The JIT investigated Sharif’s daughter Maryam Nawaz at the Federal Judicial Academy (FJA) in Islamabad set up by the Pakistan’s Supreme Court. The JIT said that Maryam Nawaz, her brothers Hussain and Hassan Nawaz as well as her husband Captain Mohammad Safdar, had signed false documents to mislead the Supreme Court. Maryam claimed to be “trustee not the owner” – which was denied by JIT saying that she was the real and ultimate beneficial owner of the Avenfield apartments. It said that the font used in documents submitted by Maryam Nawaz suggested that the 2006 declarations were fake and called it a federal crime.
Sharif’s brother and Punjab Chief Minister Shahbaz Sharif strongly objected to Maryam’s summoning. “There is no moral justification of the JIT decision to summon the daughter of the prime minister,” he is cited as saying.
The case was first highlighted in 1996 by a UK newspaper, which alleged that Sharif laundered money to buy the apartments in London’s expensive Park Lane area. A case was registered against him but was shelved when he came back to power in 1997.
Moreover, in April last year, the prime minister found himself in a precarious position following the “revelations” made by the famed Panama Papers. Leaked documents showed that three of Sharif’s children had links with offshore companies that owned properties in London. Sharif denies any wrongdoing.
The Pakistani Prime Minister called the leaks the work of people targeting him and his family for their political aims. In an address to the nation on 5 April 2016, he said those “who use ill-gotten wealth don’t keep assets in their own names”. Sharif and his family have denied wrongdoing. In November, they told the Supreme Court that their London property was bought through investments in companies owned by the Qatari ruling family.

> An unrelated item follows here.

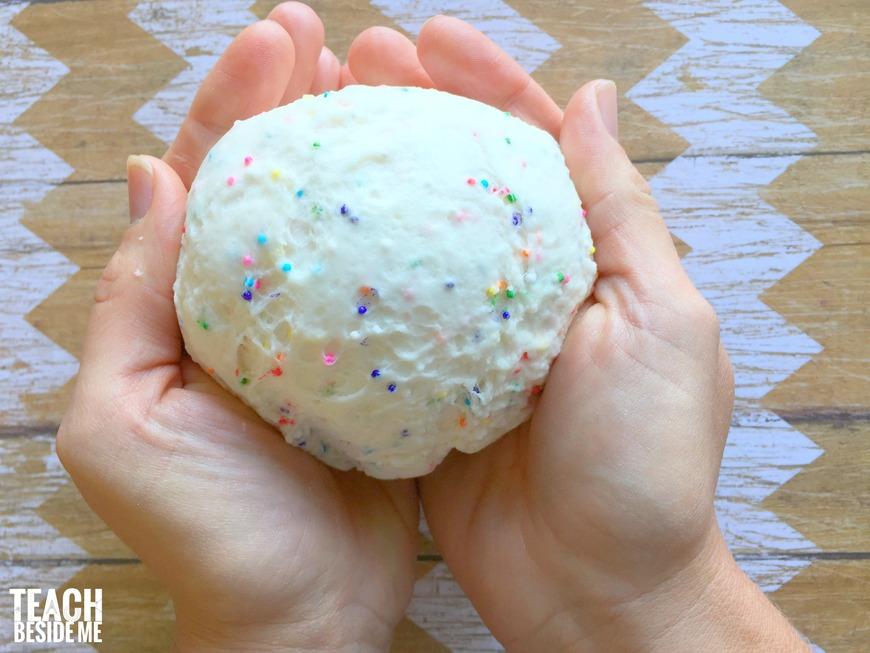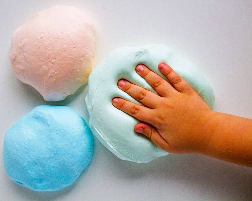 Добавляем его в заранее смешанные ингредиенты (неважно, в какой последовательности). В результате должен получиться пышный лизун, который будет хрустеть

The case harmed PML-N in two ways. First, it triggered a strong sense of mistrust among Pakistani nation and led to controversial issues. The graph of discontent heightened tremendously and the air of acrimony is likely to continue unabated especially with the Pakistani media pursuing the issue seriously.

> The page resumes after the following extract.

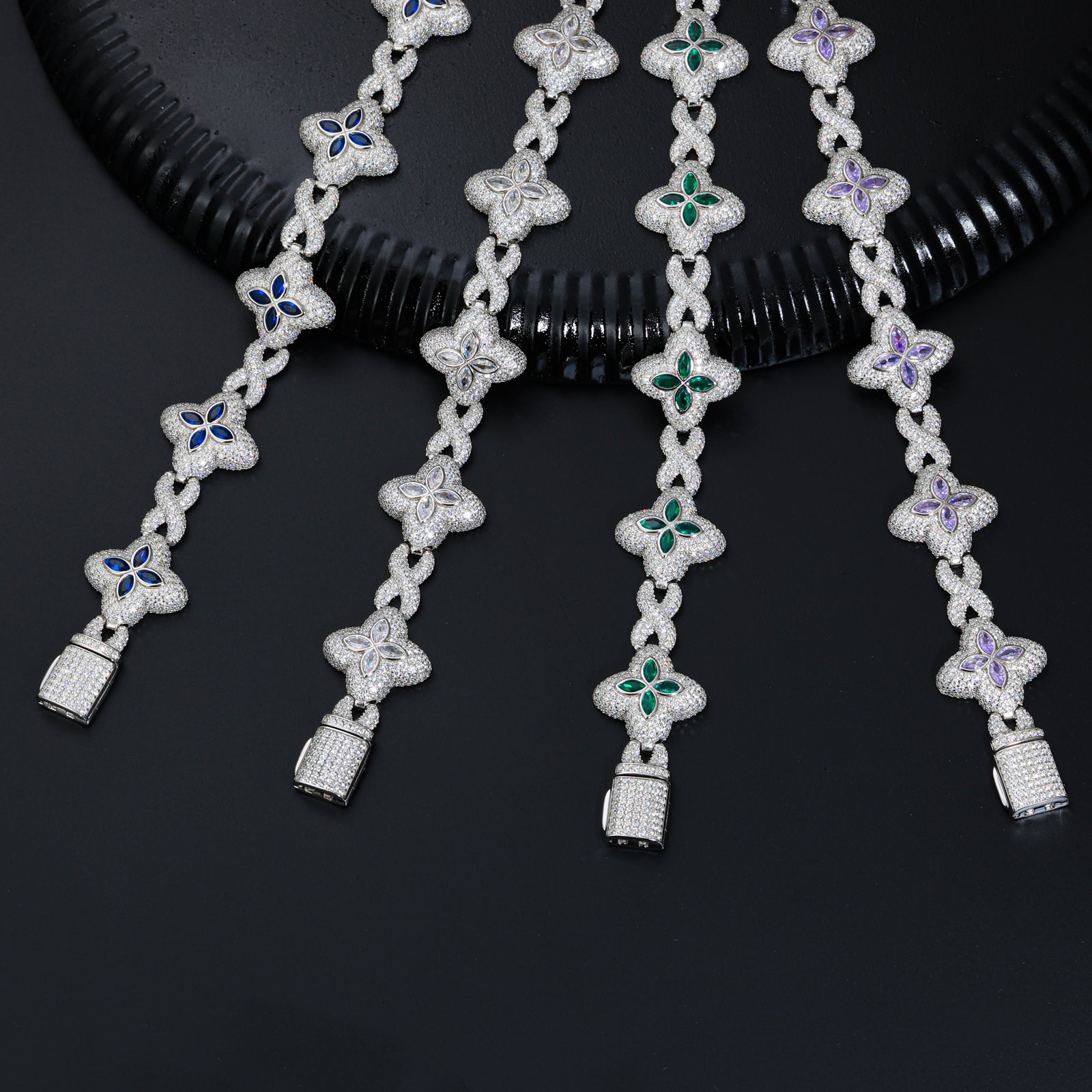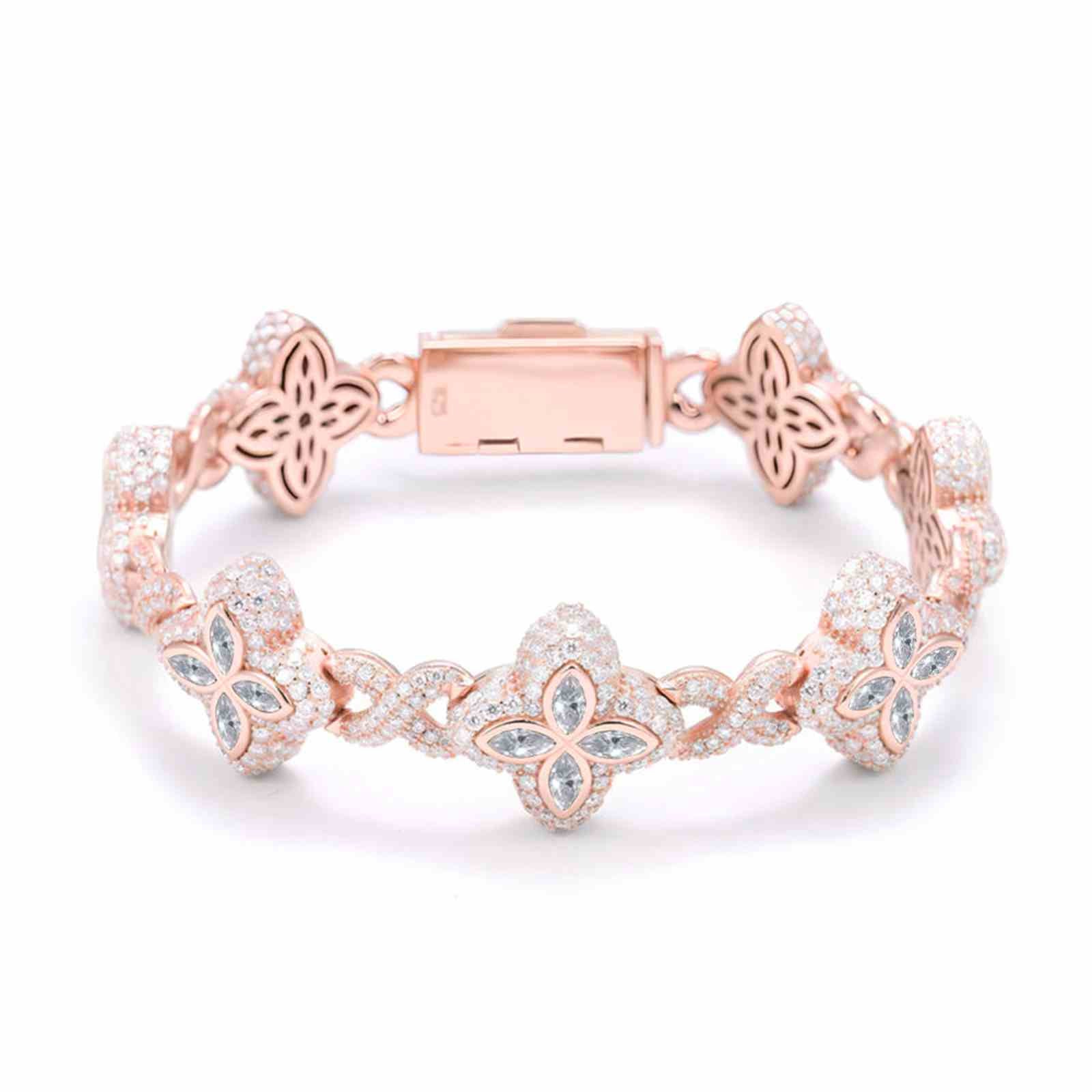 MOISSANITE DIAMOND FOUR LEAF CLOVER INFINITY LINK BRACELET IN STERLING SILVER

Second, the opposition parties, which seek to participate in Pakistan’s future election, are capitalizing on the issue and deem it a ripe time to win the public support. Therefore, all major opposition political parties have demanded Sharif step down and stay away from power until his name was cleared. Pakistan People’s Party (PPP) chairperson Bilawal Bhutto-Zardari called on Nawaz Sharif to step down, until an inquiry into the money laundering allegations levelled at his family are completed. “As long as the investigations into the Panama leaks are ongoing, you should resign. You can resume when you are absolved of the charges,” he said, reminding Sharif of advice he had imparted for the former Pakistani Prime Minister Yousuf Raza Gilani when the latter was facing multiple charges in court. Moreover, With the Panama leaks hitting the headlines, the government came under pressure from Pakistan Tehreek-e-Insaf (PTI) which was founded in 1996 by former national cricket captain Imran Khan who demanded Sharif’s resignation. In brief, many opposition leaders, including former President Asif Zardari, have suggested Sharif should resign as a fair investigation is not possible if he remained in power.
However, Sharif said in response to the demands that his PML-N party had bagged more votes than the opposition parties combined. “The people of Pakistan have elected me and only they can remove me from this post,” he said. Similarly, the court stopped short of removing Sharif from public office. Instead, it ordered investigators drawn from civilian investigation agencies and military intelligence services to examine the money trail, look at records where available and obtain testimony from key players.
Besides marring Sharif’s reputation, the case has brought serious trouble for him and his political position is at great stake since political figures turned against him. Indeed, now Sharif is seeking to do everything in his power to survive the issue until the 2018 election. But it seems that there is a faint chance for survival in this terrible ordeal.